WHAT THE TASK REQUIRES -> Beginning with the line that contains "Không gian 'du" and ending with the line that contains "Be the first", reproduce the lines of the entries below exactly, omitting pictures.

INPUT DATA ->
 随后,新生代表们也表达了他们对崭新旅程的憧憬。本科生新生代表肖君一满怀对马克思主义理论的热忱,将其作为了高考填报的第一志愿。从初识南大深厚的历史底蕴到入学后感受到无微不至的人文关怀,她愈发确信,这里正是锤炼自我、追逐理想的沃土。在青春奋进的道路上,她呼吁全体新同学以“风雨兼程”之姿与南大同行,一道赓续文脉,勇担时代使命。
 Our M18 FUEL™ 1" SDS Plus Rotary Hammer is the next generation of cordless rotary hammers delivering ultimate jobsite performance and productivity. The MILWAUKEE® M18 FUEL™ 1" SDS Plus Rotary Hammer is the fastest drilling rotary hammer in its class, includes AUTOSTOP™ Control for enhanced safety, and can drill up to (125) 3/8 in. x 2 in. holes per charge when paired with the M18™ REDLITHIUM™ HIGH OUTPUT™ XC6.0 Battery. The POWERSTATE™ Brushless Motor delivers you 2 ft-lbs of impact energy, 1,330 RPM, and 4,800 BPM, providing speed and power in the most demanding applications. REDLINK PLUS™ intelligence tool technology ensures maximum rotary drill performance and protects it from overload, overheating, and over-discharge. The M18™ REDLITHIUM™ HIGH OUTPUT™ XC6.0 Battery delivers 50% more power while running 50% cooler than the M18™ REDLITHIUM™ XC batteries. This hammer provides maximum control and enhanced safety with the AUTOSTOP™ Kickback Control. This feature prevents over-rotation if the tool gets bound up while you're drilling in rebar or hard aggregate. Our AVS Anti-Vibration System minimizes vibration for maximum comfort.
---
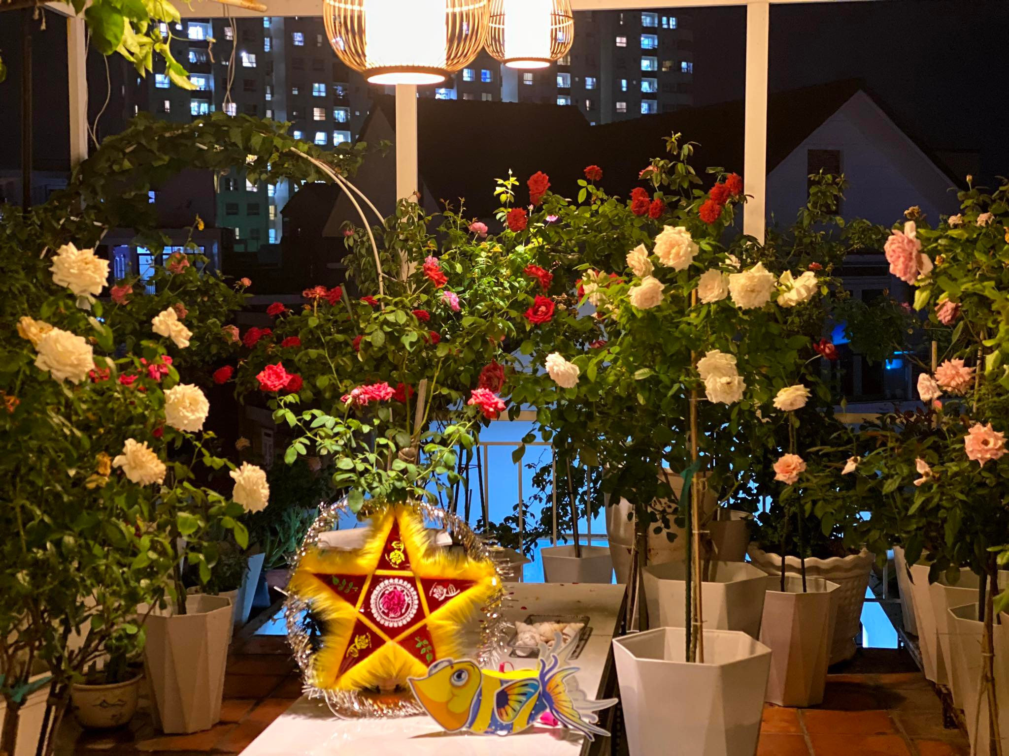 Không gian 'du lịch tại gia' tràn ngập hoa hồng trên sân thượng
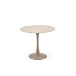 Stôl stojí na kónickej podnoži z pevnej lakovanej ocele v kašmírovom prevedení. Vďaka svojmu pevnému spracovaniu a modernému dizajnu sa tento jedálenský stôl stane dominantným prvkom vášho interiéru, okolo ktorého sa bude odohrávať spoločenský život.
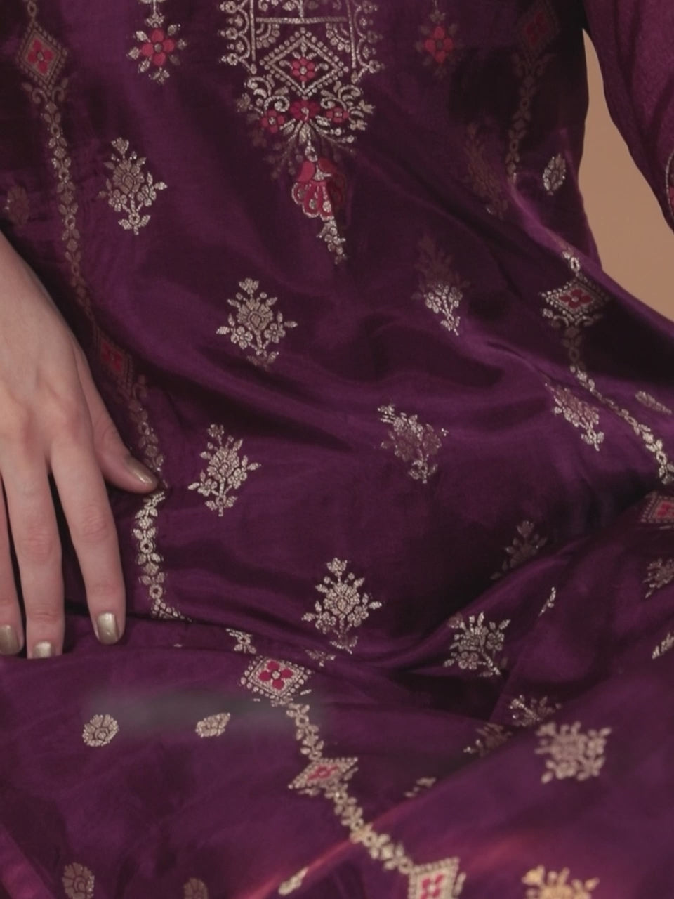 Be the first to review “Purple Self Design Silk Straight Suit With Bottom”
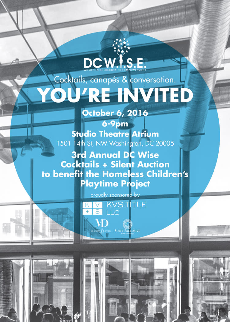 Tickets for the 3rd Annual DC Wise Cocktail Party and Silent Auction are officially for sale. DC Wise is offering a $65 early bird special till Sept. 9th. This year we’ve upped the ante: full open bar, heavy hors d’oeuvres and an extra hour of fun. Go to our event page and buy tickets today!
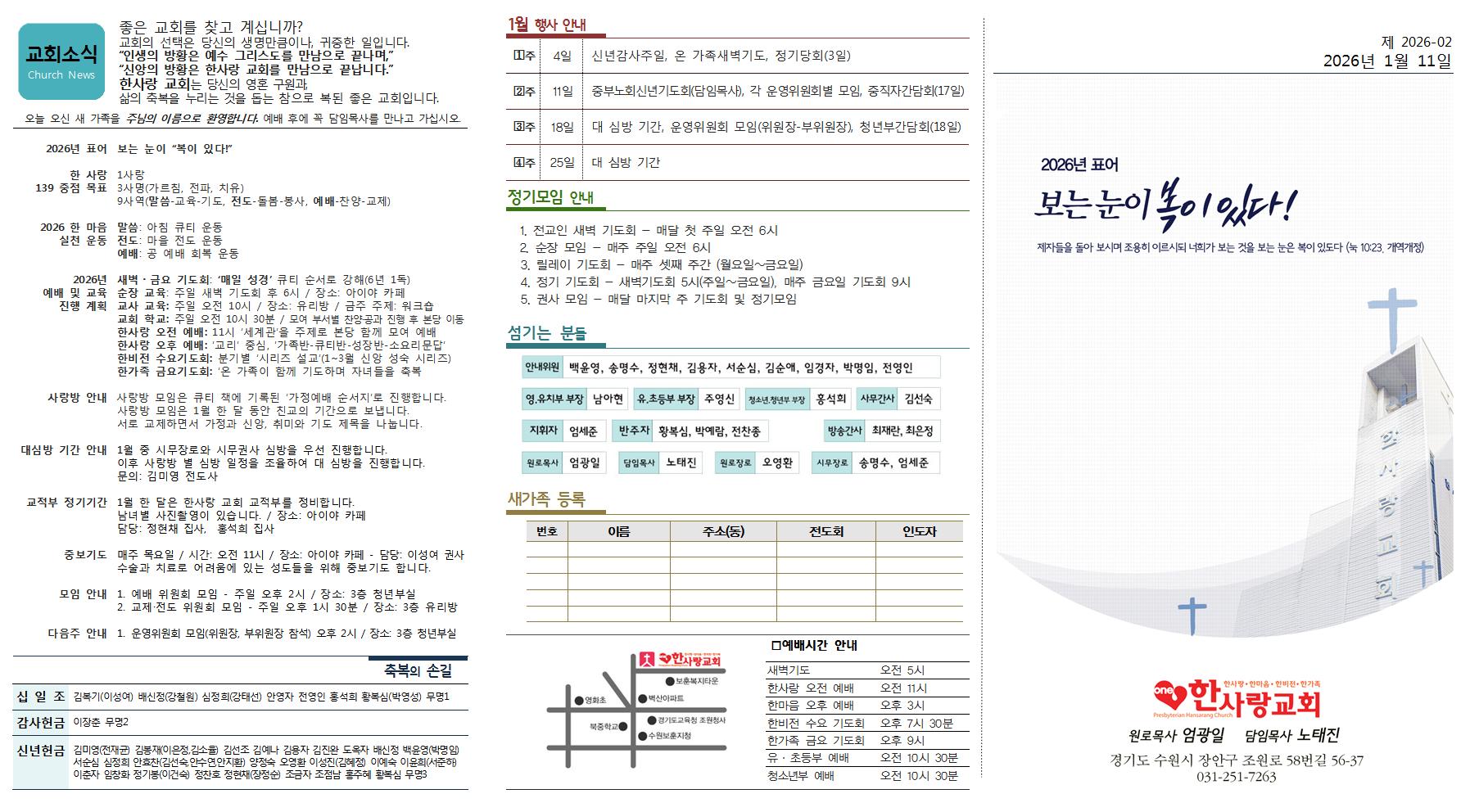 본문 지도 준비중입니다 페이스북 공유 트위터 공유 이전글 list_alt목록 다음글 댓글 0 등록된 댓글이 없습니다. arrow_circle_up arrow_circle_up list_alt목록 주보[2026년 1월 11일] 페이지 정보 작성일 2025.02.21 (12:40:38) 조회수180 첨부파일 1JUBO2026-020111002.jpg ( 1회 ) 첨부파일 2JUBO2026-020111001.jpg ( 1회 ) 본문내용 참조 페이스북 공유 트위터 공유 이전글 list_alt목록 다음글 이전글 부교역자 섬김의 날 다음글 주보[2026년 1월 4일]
...
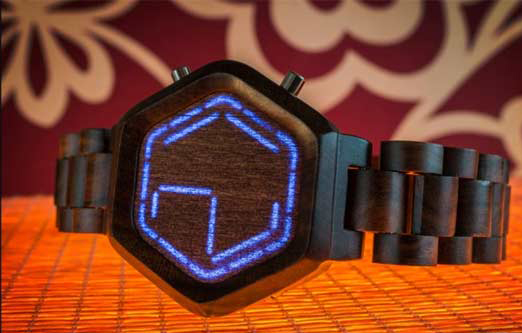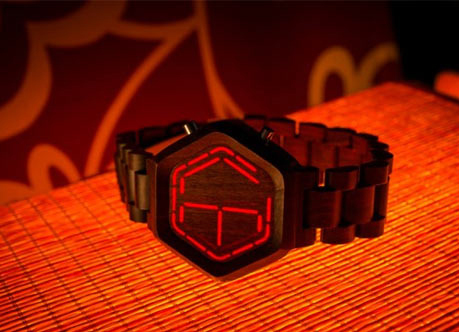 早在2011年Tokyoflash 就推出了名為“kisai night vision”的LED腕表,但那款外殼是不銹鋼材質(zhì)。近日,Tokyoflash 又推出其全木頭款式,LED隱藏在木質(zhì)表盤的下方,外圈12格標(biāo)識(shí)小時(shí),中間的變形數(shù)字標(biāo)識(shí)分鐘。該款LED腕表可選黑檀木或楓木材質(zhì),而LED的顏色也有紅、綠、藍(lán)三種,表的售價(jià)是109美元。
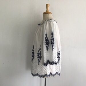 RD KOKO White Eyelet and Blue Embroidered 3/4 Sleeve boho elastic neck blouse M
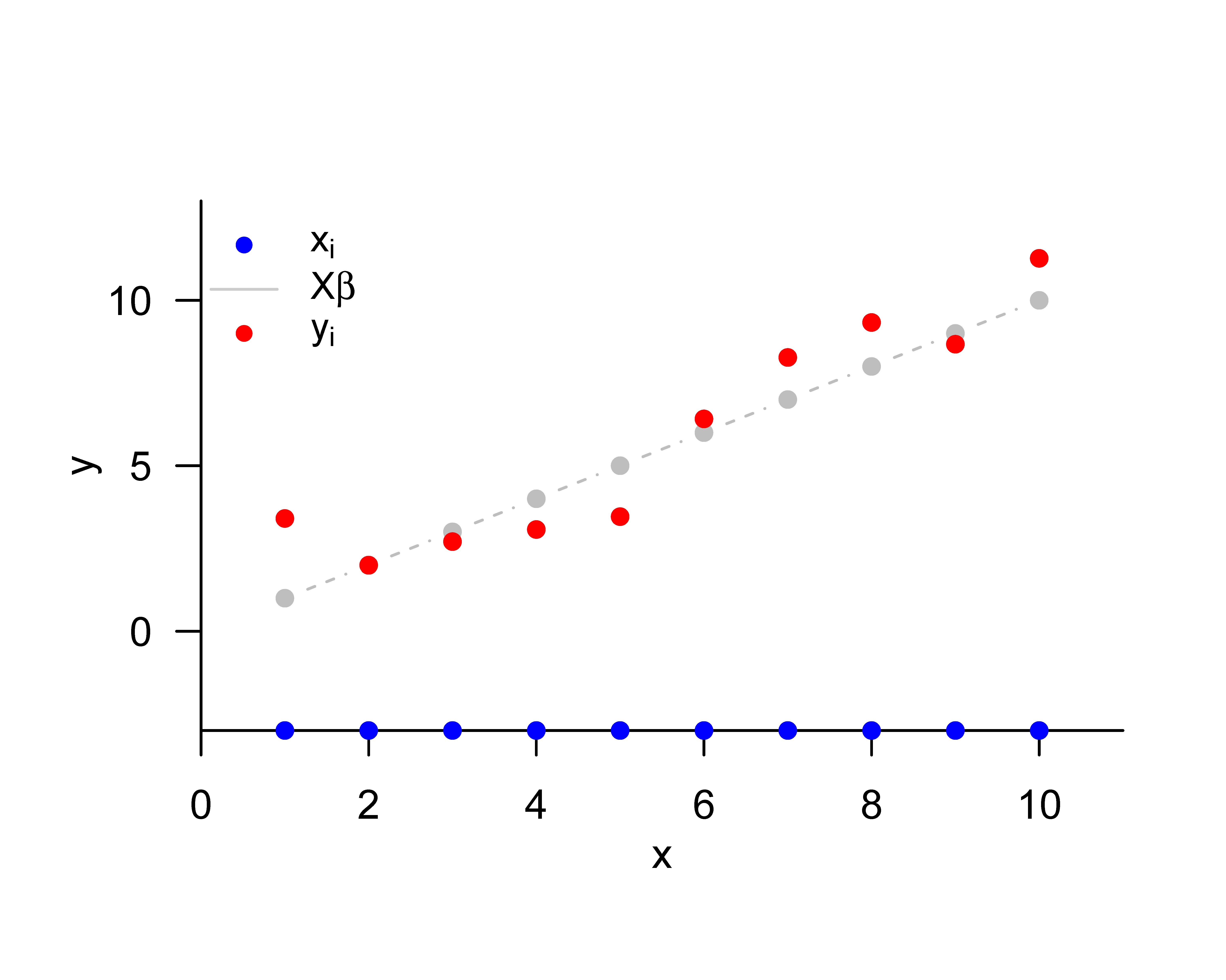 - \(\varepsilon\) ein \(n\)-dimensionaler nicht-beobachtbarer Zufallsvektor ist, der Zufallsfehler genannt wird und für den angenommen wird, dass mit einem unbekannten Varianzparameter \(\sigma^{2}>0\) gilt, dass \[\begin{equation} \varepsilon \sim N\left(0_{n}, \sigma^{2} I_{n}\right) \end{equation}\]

WRITTEN RESPONSE ->
 Không gian 'du lịch tại gia' tràn ngập hoa hồng trên sân thượng
 Stôl stojí na kónickej podnoži z pevnej lakovanej ocele v kašmírovom prevedení. Vďaka svojmu pevnému spracovaniu a modernému dizajnu sa tento jedálenský stôl stane dominantným prvkom vášho interiéru, okolo ktorého sa bude odohrávať spoločenský život.
 Be the first to review “Purple Self Design Silk Straight Suit With Bottom”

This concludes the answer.